Runners up for the Festival Favorite, as ballots were counted, include:

Boys State / U.S.A. (Directors: Jesse Moss, Amanda McBaine, Producers: Amanda McBaine, Jesse Moss) — In an unusual experiment, a thousand 17-year-old boys from Texas join together to build a representative government from the ground up.

On The Record / U.S.A. (Directors: Kirby Dick, Amy Ziering, Screenwriters: Kirby Dick, Amy Ziering, Sara Newens, Producers: Amy Ziering, Kirby Dick, Amy Herdy, Jamie Rogers) — A brilliant former hip hop executive grapples with whether to go public about her rape by one of the most powerful men in the music industry. A gripping and profound examination of race, gender, intersectionality, and the toll sexual abuse takes on survivors and on society at large.

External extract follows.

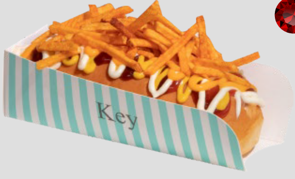
هوت دوغ HOT DOG 18SR | CAL. 350
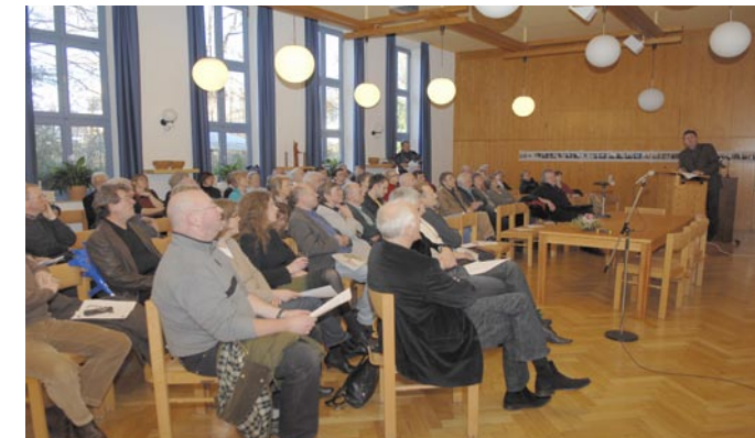
Stadtteilkonferenz zur Friedrich-Ebert-Straße

Im November 2005 hat sich der Verein „Kassel-West - Stadtteilentwicklung im Vorderen Westen e.V.“, abgekürzt „Kassel-West e.V.“ gegründet.

Other close contenders for the Festival Favorite were:

Binti / Belgium (Director and Screenwriter: Frederike Migom, Producer: Katleen Goossens) — Twelve-year-old Binti dreams of becoming a famous vlogger like her idol Tatyana. But when the police raid her home, and try to deport her and her dad, they are forced to flee. Together with her friend Elias she now plots the perfect plan to stay in the country. Cast: Bebel Tshiani Baloji, Mo Bakker, Joke Devynck, Baloji.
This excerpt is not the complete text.